Plans to construct a six-storey office block on the old site led to criticism from local resident groups in early September 2008.

The Windmill Lane site was then bought by property investment company Hibernia REIT in 2015, who announced in 2014 that it had purchased the loans held against the Hanover Building on Windmill Lane, Dublin, for €20.16 million and an adjoining one-acre development site for €7.5 million. A plan was made to develop it into offices, retail spaces, and residential units.

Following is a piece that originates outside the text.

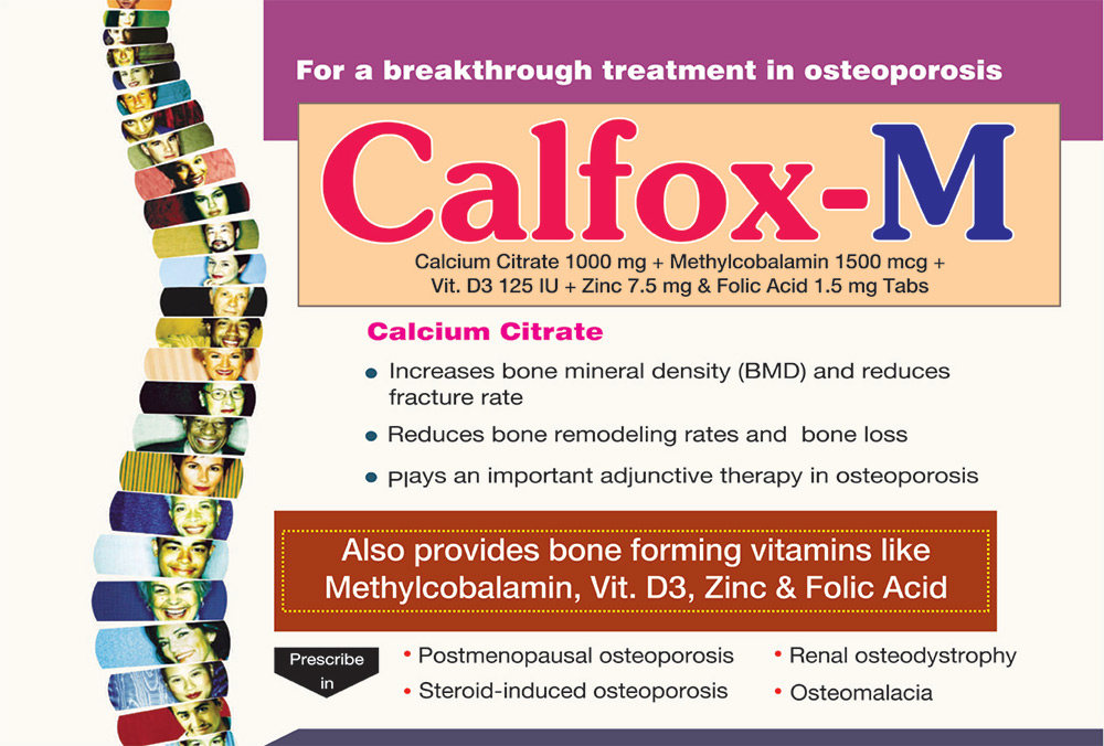 | CALFOX - M | Each film coated tablet Calcium Citrate U.S.P. -1000 mg. + Methylcobalamin J.P.-1500 mcg. + Vitamin D3 I.P.- 125 I.U.+ Folic Acid i.p.- 1.5 mg + Zinc sulphate monohydrate I.P. P Eq.to Elemental zinc 7.5 mg | 10 x 10 T |

The original Windmill Lane Studios structure was demolished on 3 April 2015 by Hibernia REIT, with the exception of Open Gallery 3 where U2 recorded. The firm announced plans to retain a 20-metre stretch of the studio wall famous for its fan graffiti. Options for the future of the wall include recreating it in the atrium of the new Windmill Lane building, giving the wall to Dublin City Council, U2, or any other interested party for reconstruction or reuse in an alternative setting. Another possibility is donating the wall to a charity so that they can auction pieces of it to U2 fans around the world.

==History of current location==

In 1990 Windmill Lane Recording Studios relocated from its original site on Windmill Lane to its current location on Ringsend Road, Dublin 4.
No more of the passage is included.